**EXERCISE PROMPT:** Using the data below, set down every line from the one containing "Set tacamuri din" through the one containing "This option is", inclusive and unchanged. Pictures are to be skipped.

**THE RECORDS:**
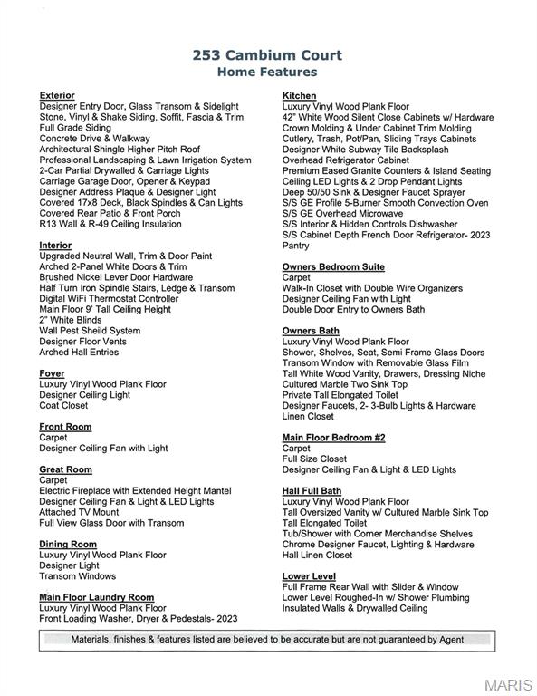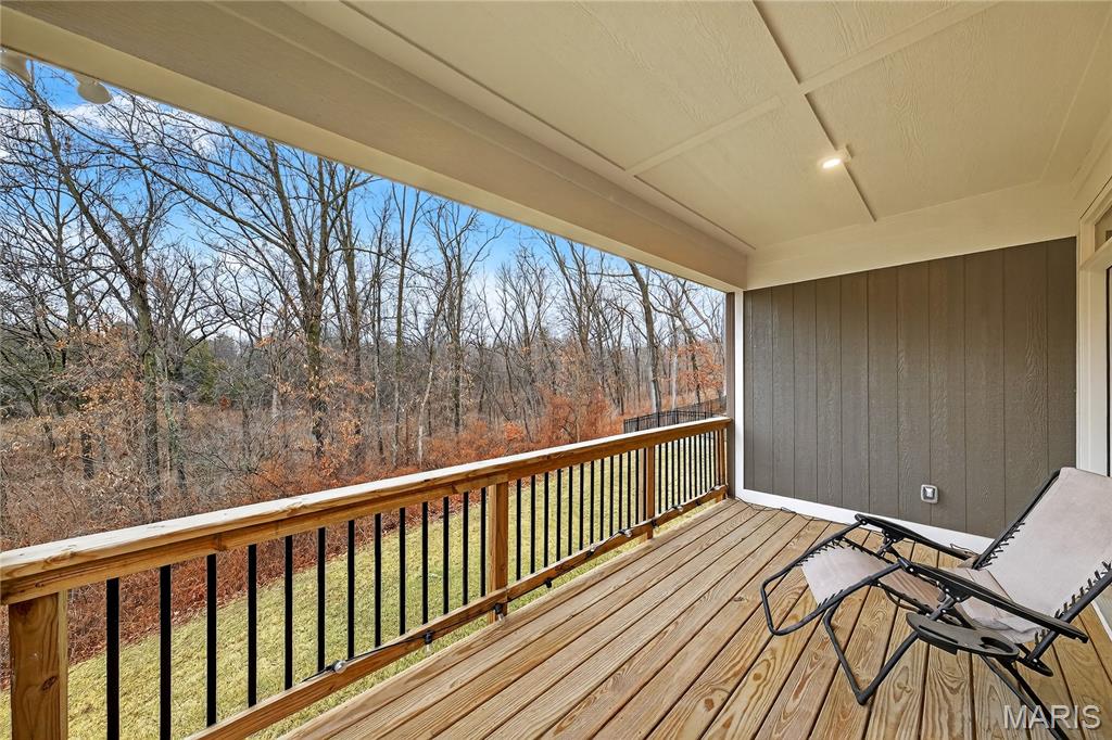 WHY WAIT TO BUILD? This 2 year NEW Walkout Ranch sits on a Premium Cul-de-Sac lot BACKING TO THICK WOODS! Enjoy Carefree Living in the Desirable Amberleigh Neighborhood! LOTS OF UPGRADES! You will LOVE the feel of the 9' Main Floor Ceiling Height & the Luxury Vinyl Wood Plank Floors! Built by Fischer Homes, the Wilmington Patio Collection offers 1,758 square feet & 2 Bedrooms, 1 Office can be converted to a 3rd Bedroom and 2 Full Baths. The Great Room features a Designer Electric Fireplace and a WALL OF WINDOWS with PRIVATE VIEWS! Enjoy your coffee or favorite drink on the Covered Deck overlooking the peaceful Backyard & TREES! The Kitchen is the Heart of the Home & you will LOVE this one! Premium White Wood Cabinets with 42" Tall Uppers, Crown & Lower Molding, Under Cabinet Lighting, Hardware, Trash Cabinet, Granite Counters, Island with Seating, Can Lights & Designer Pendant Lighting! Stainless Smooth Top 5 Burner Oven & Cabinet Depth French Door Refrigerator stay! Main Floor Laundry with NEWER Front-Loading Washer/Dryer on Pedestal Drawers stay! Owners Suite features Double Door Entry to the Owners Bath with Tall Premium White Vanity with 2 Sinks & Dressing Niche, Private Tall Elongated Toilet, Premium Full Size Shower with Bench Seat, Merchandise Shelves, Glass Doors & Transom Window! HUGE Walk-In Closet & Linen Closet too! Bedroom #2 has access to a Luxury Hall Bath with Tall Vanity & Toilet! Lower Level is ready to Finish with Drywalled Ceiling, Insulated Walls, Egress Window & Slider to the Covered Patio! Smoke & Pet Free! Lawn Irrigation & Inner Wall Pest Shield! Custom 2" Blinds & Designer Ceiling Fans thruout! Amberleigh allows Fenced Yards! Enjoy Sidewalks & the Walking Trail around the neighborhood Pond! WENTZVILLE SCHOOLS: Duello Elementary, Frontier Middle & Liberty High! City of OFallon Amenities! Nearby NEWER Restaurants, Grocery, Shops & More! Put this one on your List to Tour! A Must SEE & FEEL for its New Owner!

--

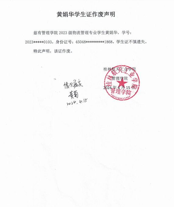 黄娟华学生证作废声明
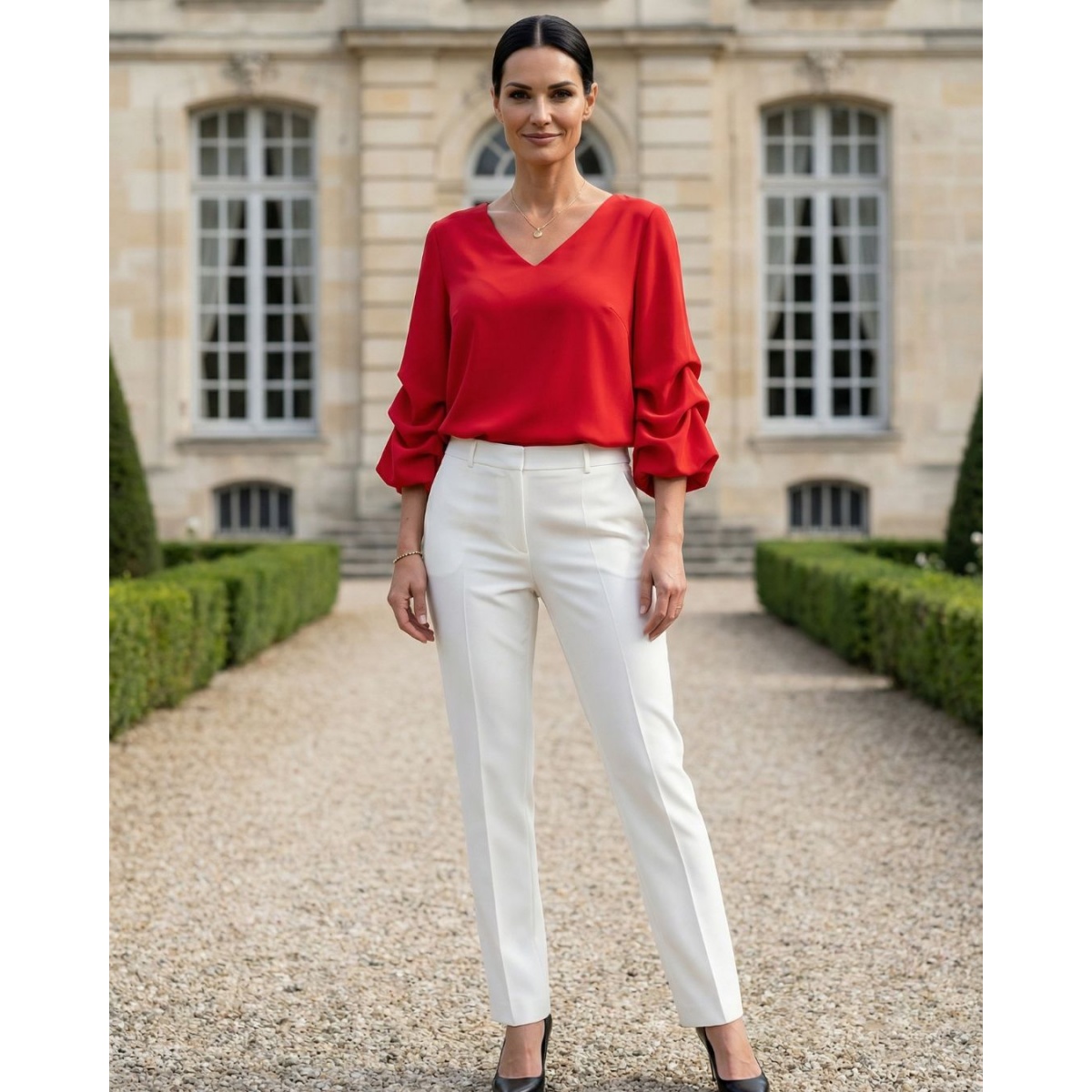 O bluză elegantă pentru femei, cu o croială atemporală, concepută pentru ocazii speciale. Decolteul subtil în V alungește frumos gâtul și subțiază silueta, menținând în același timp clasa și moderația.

--

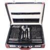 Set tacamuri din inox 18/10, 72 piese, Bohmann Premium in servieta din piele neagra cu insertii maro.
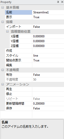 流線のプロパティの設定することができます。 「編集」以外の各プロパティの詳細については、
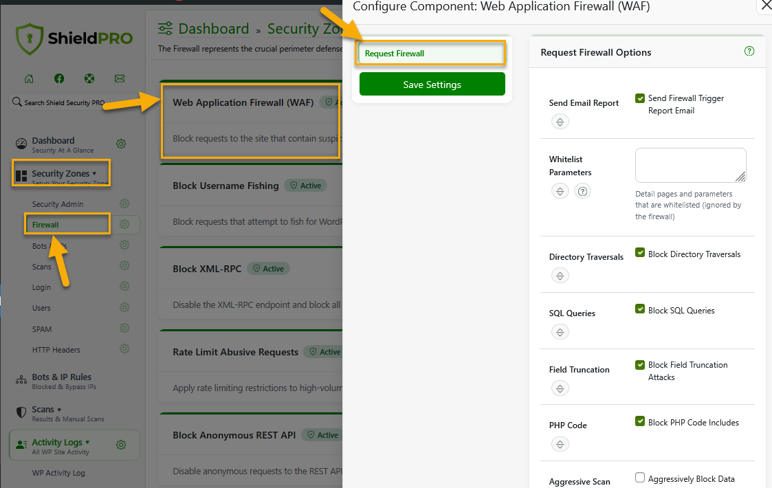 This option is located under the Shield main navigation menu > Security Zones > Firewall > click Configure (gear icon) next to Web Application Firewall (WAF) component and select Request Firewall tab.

**EXERCISE OUTPUT:**
 Set tacamuri din inox 18/10, 72 piese, Bohmann Premium in servieta din piele neagra cu insertii maro.
 流線のプロパティの設定することができます。 「編集」以外の各プロパティの詳細については、
 This option is located under the Shield main navigation menu > Security Zones > Firewall > click Configure (gear icon) next to Web Application Firewall (WAF) component and select Request Firewall tab.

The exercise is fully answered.